Wood walks to work: The one who stayed
Going broke in Detroit may have been the best thing that ever happened to DeVolson Wood – and Michigan Engineering.
Going broke in Detroit may have been the best thing that ever happened to DeVolson Wood – and Michigan Engineering.
Michigan Engineering’s first professor – Alexander Winchell – knew little about engineering. Though his 1854 “Strength of Materials” course established the first metallurgical curriculum among U.S. engineering colleges, the class was primarily an English composition course for engineering students. At the end of the year, Winchell was replaced by William Peck.
In 1957, while Peck was on vacation, a man named DeVolson Wood was traveling by train for a teaching job in Chicago – but he ran out of money in Detroit.

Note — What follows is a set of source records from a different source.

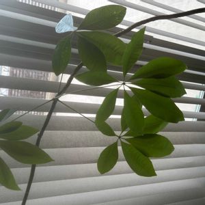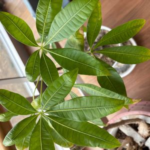 ダイソー産実生パキラちゃんが何やら喜んでいるようです。😃 6枚葉の新葉🌿🆕をだしてます。 このコの場合、具合がいいといつもの5枚葉ではなく、6枚葉を出してきます。 冬は2年連続ハゲちらかして、今は新葉2枚🆕🌿🌿になってます。 新葉が出るまで、5分の1枚だけしか残っていませんでした🥲。 冬にハゲちらかすのやめて欲しいな。何が悪いのでしょうね😭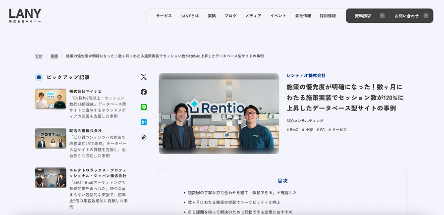 AI検索(Google AI 自然検索流入を伸ばしたい一方で、施策が多すぎて優先順位が決められず、人的リソースも不足して進まなかった、カメラ・家電レンタルサービス「Rentio」を運営するレンティオに対し、LANYがSEOコンサルで伴走。数ヶ月にわたり打ち合わせを重ねて施策を整理し、意思決定を加速。ファセット検索(絞り込み)など大規模改修を実装・リリース。UXと検索評価が改善し、自社施策との相乗効果でデータベースページのセッション数が支援前比120%増を達成。.txt/llm-sitemap.xml設置、構造再設計、エンティティ定義最適化、外部連携を1ヶ月で実行。約1.5ヶ月でAI Overview言及数が約3倍、平均順位も18〜19位から3位へ改善しました。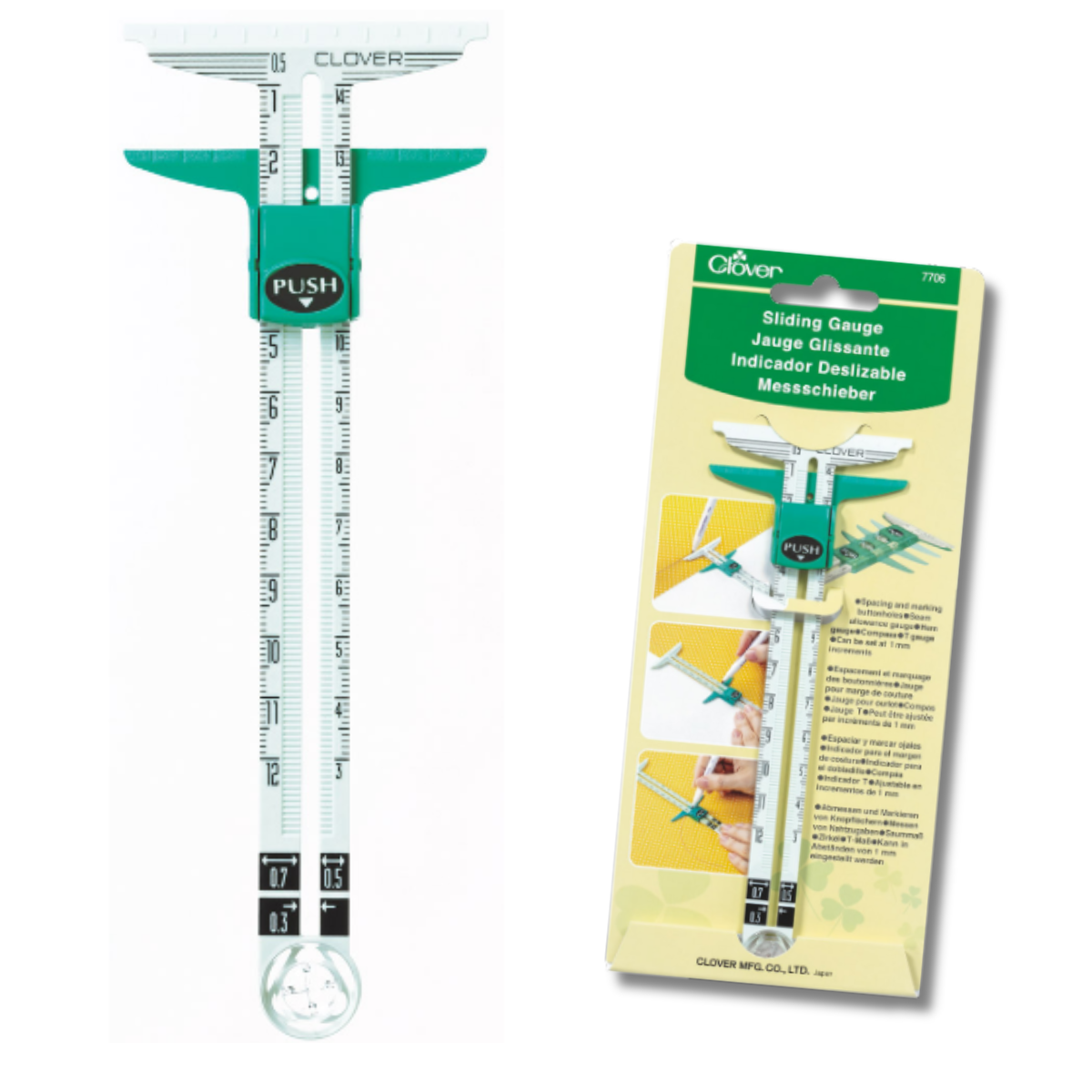 Weiterführende Links zu "Clover Messschieber für Nahtzugaben & Markierungen + Zirkel Funktion"
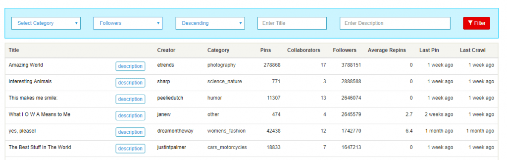 I’m glad you asked. There’s a useful website called Pingroupie.com. It’s a directory of Pinterest group boards that can be sorted by the number of followers, category, number of collaborators, etc.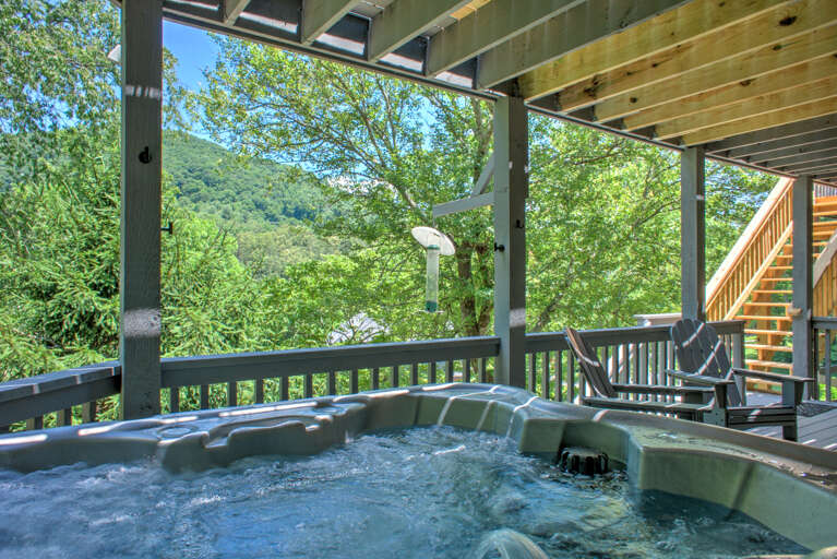 Nestled within the picturesque landscape of a quiet South Asheville neighborhood, Blue Sky Manor offers an array of outdoor amenities that cater to both relaxation and recreation. The upper deck provides a perfect spot for outdoor dining with its gas grill and stunning mountain views, while the stone-stacked, smokeless fire pit on the patio is ideal for cozy gatherings. Additionally, the bubbling hot tub on the lower deck offers a relaxing retreat with beautiful vistas. The property's outdoor seating area allows guests to soak in the natural surroundings in comfort. Whether enjoying a meal al fresco or simply unwinding amidst the mountain scenery, the outdoor spaces at Blue Sky Manor provide the freedom to savor the great outdoors in style.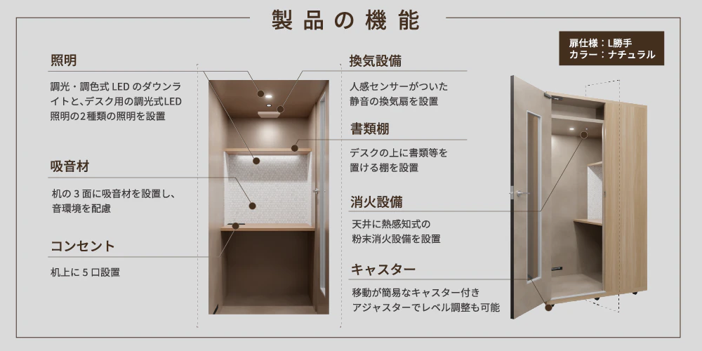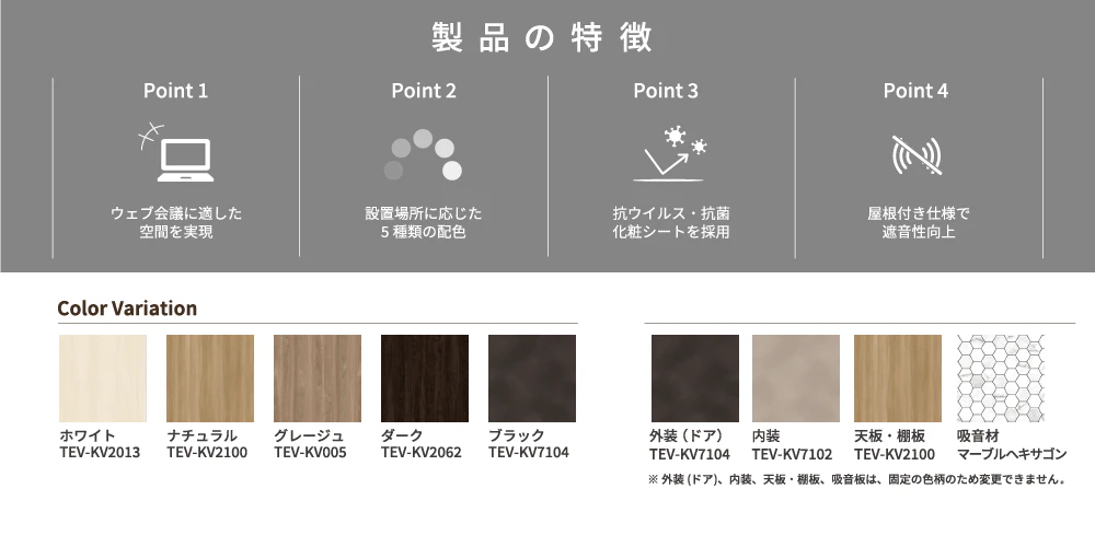 抗ウイルス・抗菌シートを採用するなど、ウェブ会議に適した空間づくりを軸に作られた製品です。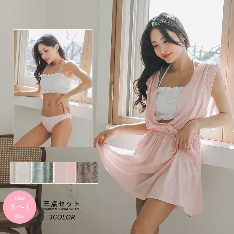 シャーリング仕様ブラーとショーツとワンピースと3点セット [FL1945]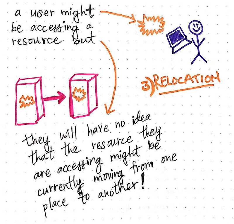 迁移透明性需要两个重要组成部分协同工作。首先,被迁移的资源必须能够被“迁移”。这可能意味着将其复制到另一个位置,也可能意味着复制资源,将其移动到其他位置,然后再从原位置移除。其次,如果资源迁移透明,则需要“隐藏”其正在迁移的事实,因为很可能有人(最终用户、程序员,甚至是分布式系统中的另一个节点!)正在访问它。
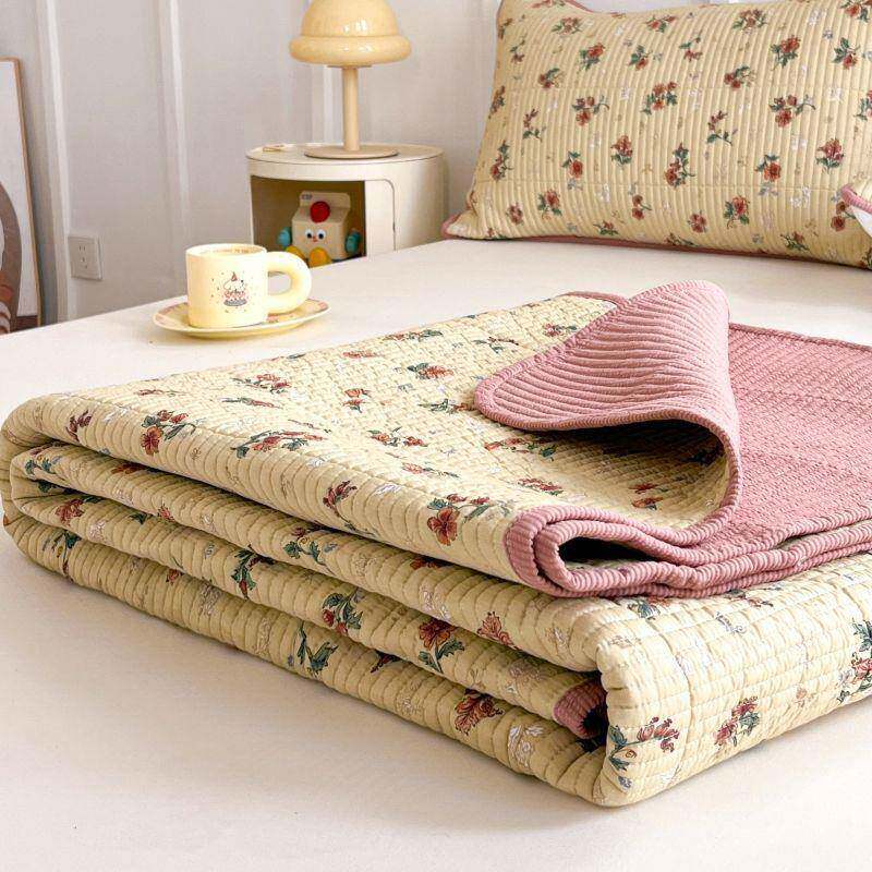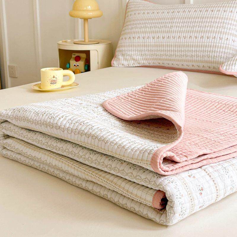 双面可用全棉床盖三件套家用夹棉床单单件榻榻米床护垫炕单罩

So Wood left his bags and walked to Ann Arbor, where he convinced U-M President Henry Philip Tappan to hire him.
Wood would teach almost every engineering course offered in the 1860s – materials resistance, bridge construction, hydraulic motors, water distribution in cities – and when no Army man was available to teach military engineering due to the exigencies of the Civil War, Wood lectured on that subject as well.
When Wood left the University in 1872, enrollment was on the rise. He was replaced by three men – Ezra Greene, James Davis and Charles Denison – all of whom remained at Michigan long enough to usher engineering students into the next century.